Genetics is the study of how living things receive common traits from previous generations. These traits are described by the genetic information carried by a molecule called DNA. The instructions for constructing and operating an organism are contained in the organism's DNA. Every living thing on earth has DNA in its cells.
A gene is a hereditary unit consisting of DNA that occupies a spot on a chromosome and determines a characteristic in an organism.
Genes are passed on from parent to child and are an important part of what determines physical appearance and behavior.
A gene will also determine what traits a whole family (such as the grandfather, great grandfather, etc.), will have, because of the genes passed down in existing chromosomes.
- DNA is a long molecule that has the form of a "double helix". It resembles a ladder that has been twisted. In cells with nuclei, which make up animals and plants, the DNA is stored inside the cell nucleus, while in cells without nuclei, such as bacteria, the DNA is in the cell's cytoplasm.
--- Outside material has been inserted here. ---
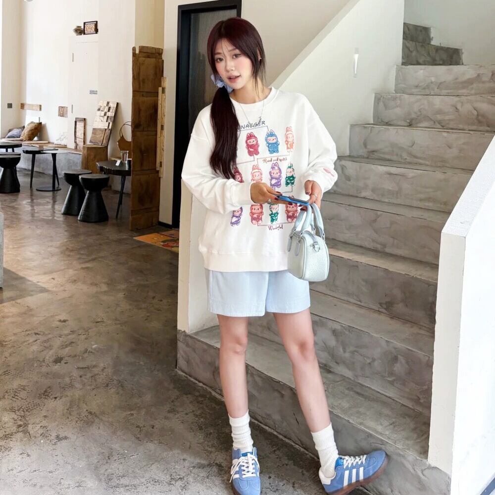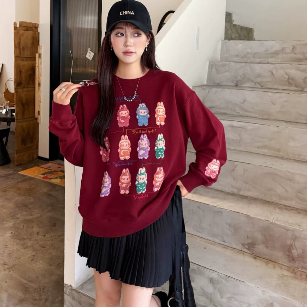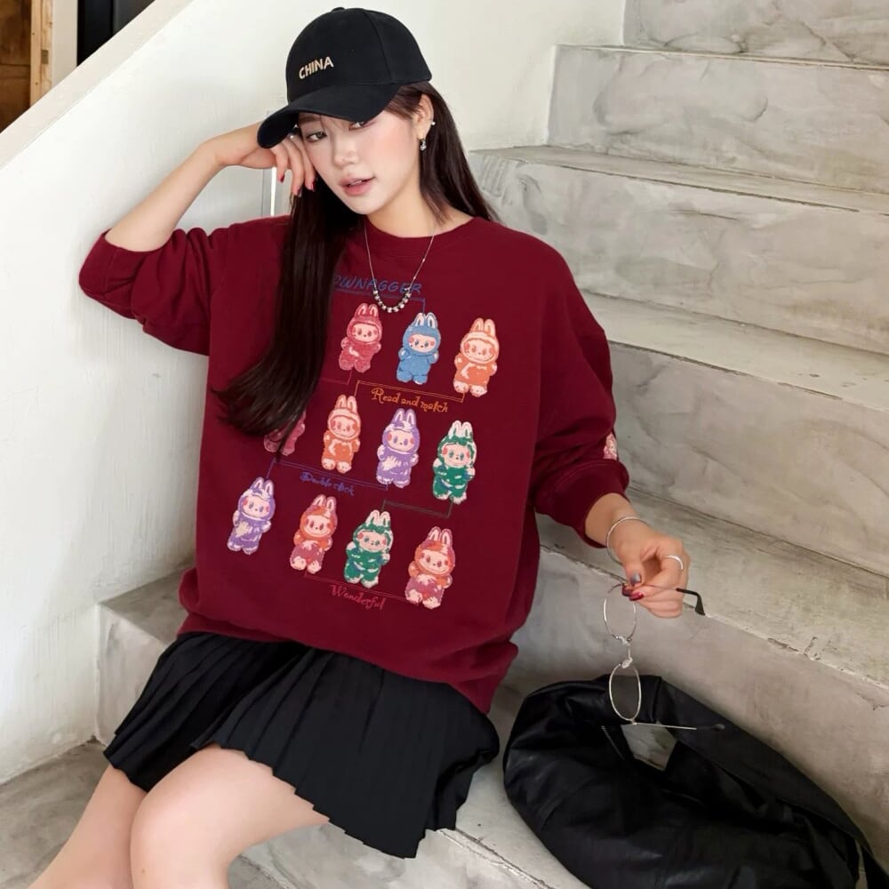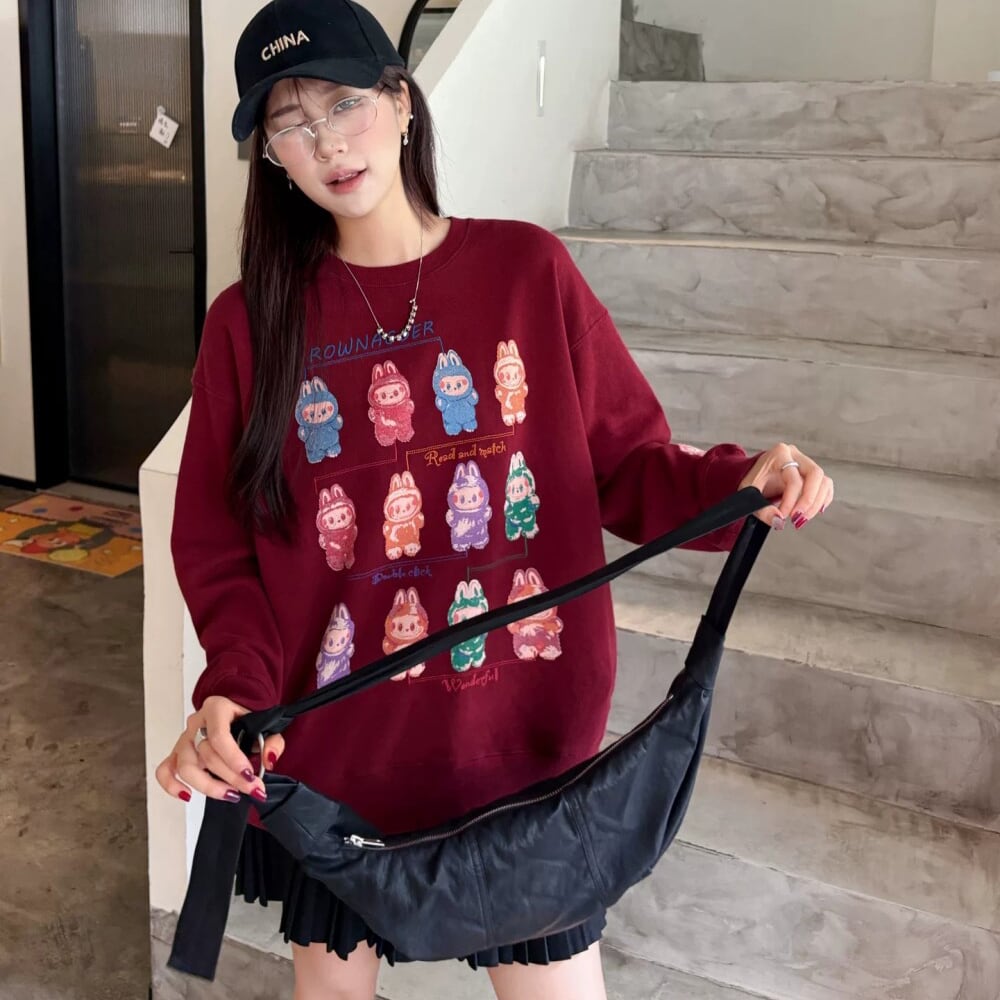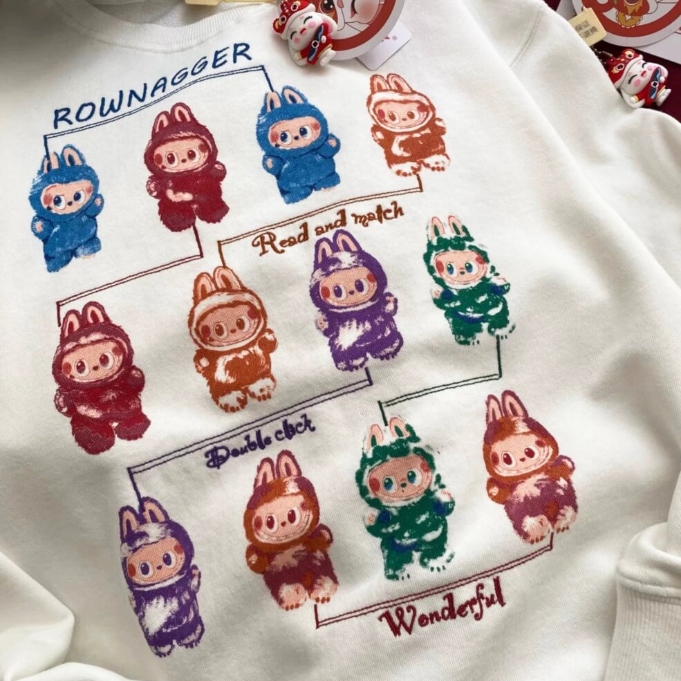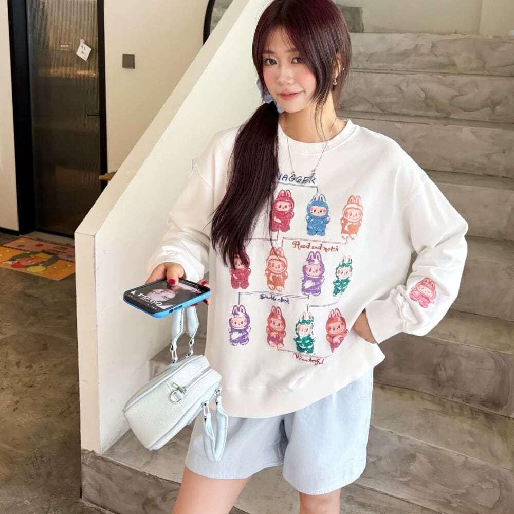 Labubu スウェット 可愛いのにオシャレ!Rownaggerコラボ 320g 厚手 綿100% パイル ユニセックス ドロップショルダー ビッグシルエット ストレスフリー 着心地抜群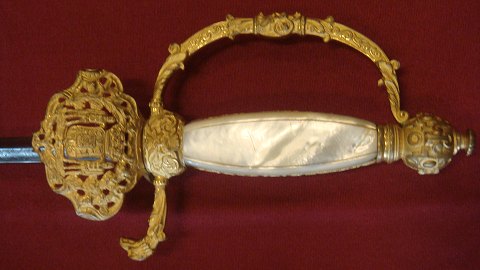 Beautiful Danish official's sword embedded in gold and pearl filled clip and dekoretet in blade sold

- Nucleotides form the rungs of the DNA ladder. There are four types of nucleotides, and the sequence of nucleotides carries the information in the DNA.
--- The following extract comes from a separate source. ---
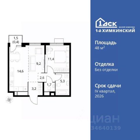 Прямая продажа от застройщика! Жилой Комплекс класса Комфорт. Продаётся 2-к квартира номер 91 общей площадью 48.4 кв.м. на 14-м этаже 17 этажного здания. Без отделки. Особенности квартиры: - Линейная планировка - максимальная функциональность и удобство. - Просторная ванная - место для расслабления и уединения. - Евроформат - просторное и удобное жилье с отличной планировкой. - Ниша под шкаф - компактное и удобное место для вещей. - Балкон - открытое пространство для отдыха. Информация о комплексе: Квартал класса комфорт плюс, где современное городское пространство граничит с удивительной природой вокруг. 1-й Химкинский расположен на территории в 102 га и органично вписан в природное окружение Химкинского леса и канала им. Москвы. В проекте предусмотрена богатая коммерческая инфраструктура с собственным торговым центром, общеобразовательные учреждения и социальные объекты. Изюминкой жилого комплекса будут спортивно-оздоровительный комплекс с термами и SPA и семейный парк развлечений. Транспортная доступность: ЖК "1-й Химкинский" дает возможность выбрать любой способ передвижения как до города, так и до самых разных объектов, которые могут представлять интерес для его жителей. Не важно, какой способ передвижения вы предпочитаете, успевать всегда и везде можно вне зависимости от выбора транспорта. - 8 мин. пешком (800 м) до остановки "Золотая Арка" -10 мин пешком (1 км) до остановки "Поворот на Ивакино" Внутренняя инфраструктура: - Безопасность: закрытые дворы без машин, безбарьерная среда и сквозные подъезды, камеры на детских площадках с возможностью трансляции на смартфоне - Идеальный отдых в кругу семьи: семейный парк развлечений на территории, торговый центр (2-х этажный) общей площадью более 8 тыс. кв. м с фудкортом - Образование: 3 детских сада и современная муниципальная школа на 2450 мест - Спортивная среда: закольцованный веломаршрут с навигацией, спортивный комплекс с термами, закрытый тренажерный зал и зоны ворк-аута - Социальные объекты: поликлиника со станцией скорой помощи, пожарное депо - Подземный паркинг и кладовые помещения на -1 этаже, станция техобслуживания и автомойка на территории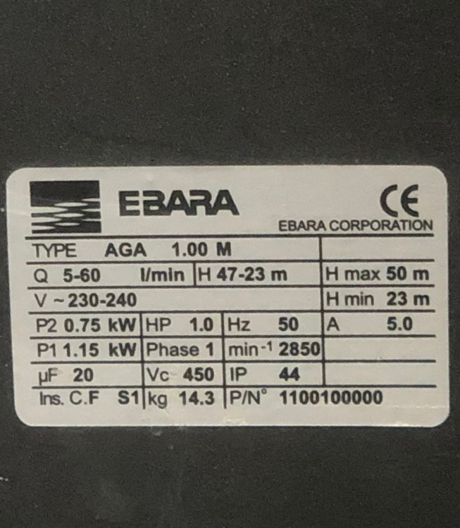 پمپ یک اسب جتی ابارا مدل (AGA1.00M) کارکرده (استوک)

- A chromosome is a package for carrying the DNA in the cells. Different species of plants and animals have different numbers of chromosomes.
- A gene is a segment of a DNA molecule on a chromosome. The genes are like sentences built up of the "letters" of the nucleotide alphabet, and between them the genes direct the physical development and behavior of the organism.
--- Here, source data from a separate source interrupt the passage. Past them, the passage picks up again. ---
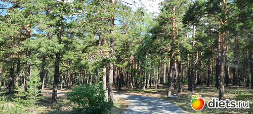 дорога к хотелю идёт через сосновый бор, там дорожки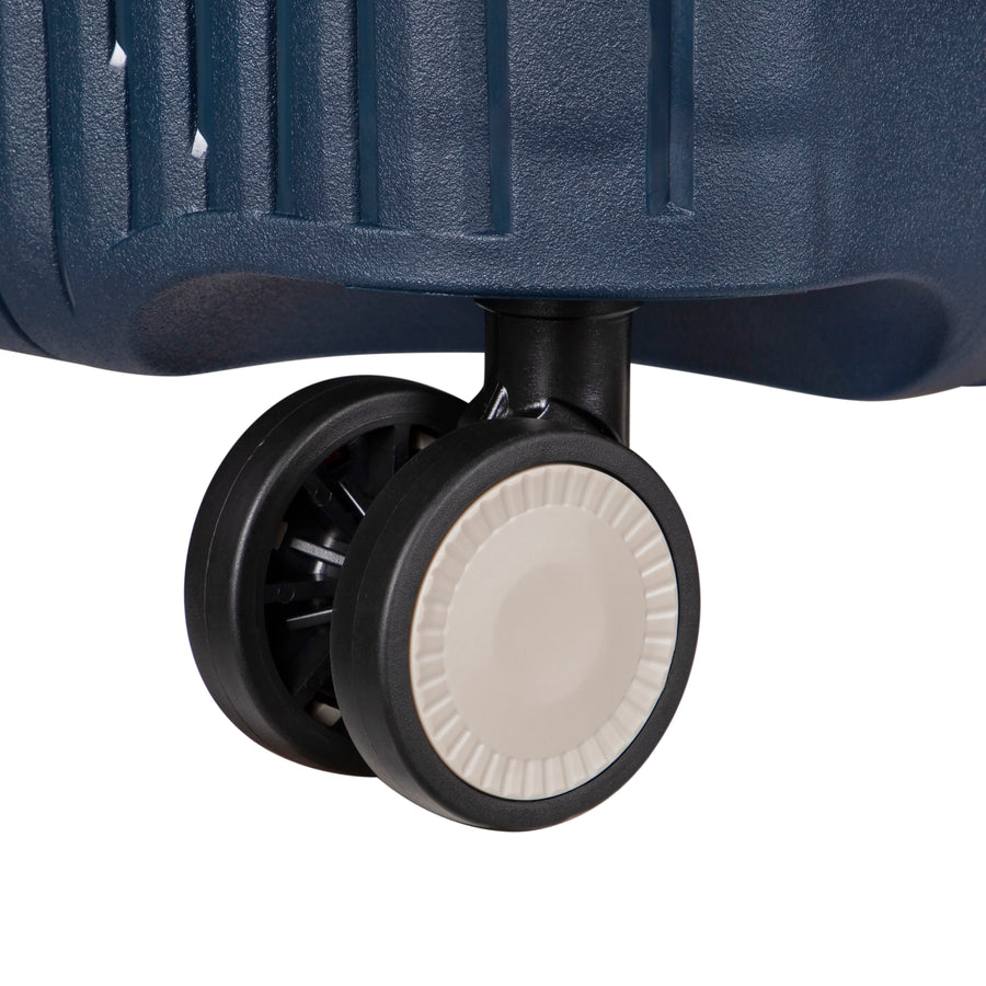 The external trolley system with a space-saving handle design creates a flatter interior base, giving you more room for organised packing across all sizes. Precision-tested wheels ensure superior control and effortless movement.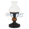 Rusztikus megjelenésű éjjeli lámpa 1 darab foglalattal. 35 cm magas, 17 cm átmérőjű, matt fekete színű fémből és dió színű fabetéttel készített lámpatest, fehér színű opálüveg lámpabúrával. A lámpatest E27-es foglalatú, max. 60W teljesítményű kompakt vagy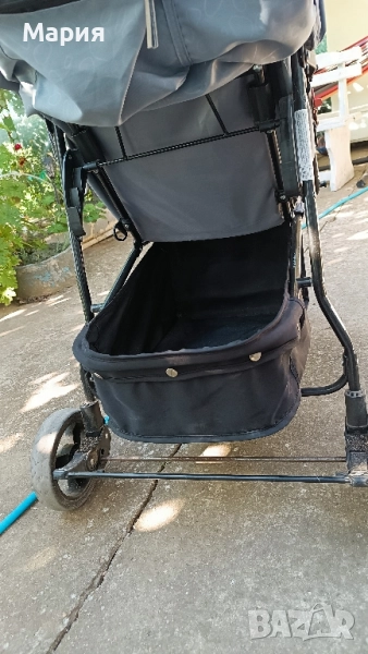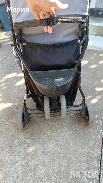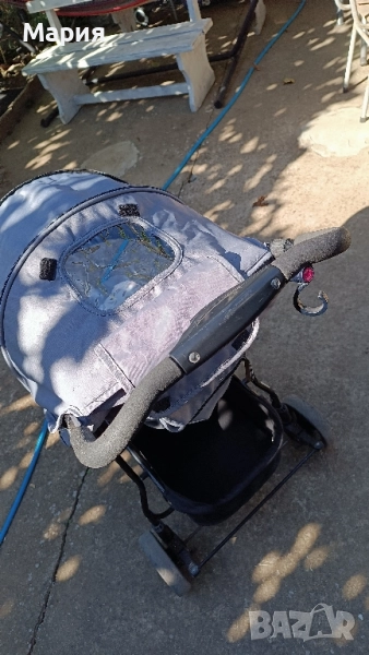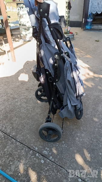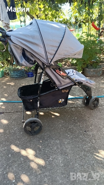 Използвана е ,но няма скъсано.. с леки следи от употреба. Има голям багажник и огромен сенник .
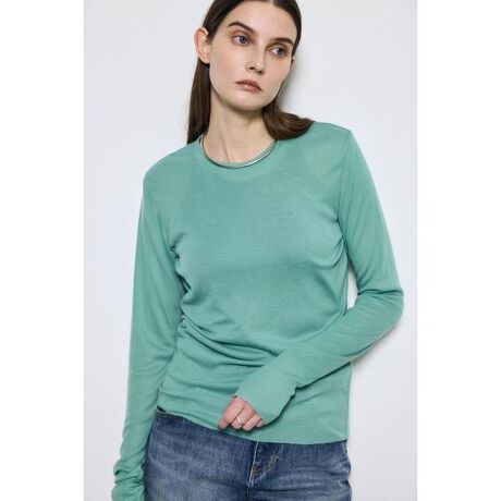 ■シアー素材ロングTシャツ■ポイント程よい透け感が魅力の、シアー素材ロングTシャツ。軽やかな素材感で、スタイリングに抜け感とトレンド感をプラスしてくれる1枚です。■ディテール繊細なシアー素材を使用し、やわらかく軽い着心地が特徴。肌をきれいに見せる程よい透け感で、ヘルシーな印象に仕上げています。ベーシックなクルーネック仕様で、レイヤードしやすいデザイン。身体にフィットしすぎないシルエットで、1枚でも重ね着でも使いやすいバランスです。■スタイリングキャミソールやタンクトップの上に重ねたレイヤードスタイルがおすすめ。ジャケットやベストのインナーとして、透け感をアクセントにした着こなしも◎。デニムからスラックス、スカートまで幅広いボトムと相性良く、ロングシーズン活躍します。■生地もちっとしつつも、さりげない透け感のある生地です。滑らかなタッチと、強い伸縮性が特徴で、着心地もタッチも良い生地に仕上がっています。透け感:あり裏 地:なし伸縮性:あり光沢感:なし[注意事項]※画像の商品はサンプルです。実際の商品と仕様、加工が若干異なる場合があります。※画像の商品は光の照射や角度、お使いのモニター環境により、実物と色味が異なる場合がございます。※着用、お取り扱いの際は、アテンションタグをご確認ください。

- Alleles are the different forms of a given gene that an organism may possess. For example, in humans, one allele of the eye-color gene produces green eyes and another allele of the eye-color gene produces brown eyes.
- A population is a localized group of individuals belonging to the same species. For example, all the trout of the same species sharing a single stream is a population.
- A gene pool is the sum of all the alleles shared by members of a single population.
Mendel’s contribution
Darwin’s theory of natural selection laid the groundwork for evolutionary theory. However, it was the emergence of the field of genetics, pioneered by Gregor Mendel (1822-1884), that provided the missing information on how evolution works in practice. Mendel’s experiments with peas led him to realise that heredity in sexual reproduction works by the mixing of separate factors, not by the blending of inherited characters. This combination of Darwin's theory and our current understanding of heredity led to the birth of the scientific area called "population genetics
Genetics of pathologies
New studies are regularly being published that expose the role that the genetics play in various disorders. Some disorders are mainly hereditary, while other disorders are mainly caused by the environment - bacteria, viruses, or people's diet - and many disorders have both a hereditary as well as an environmental component. Even complex disorders, such as Leukemia have some genetic component.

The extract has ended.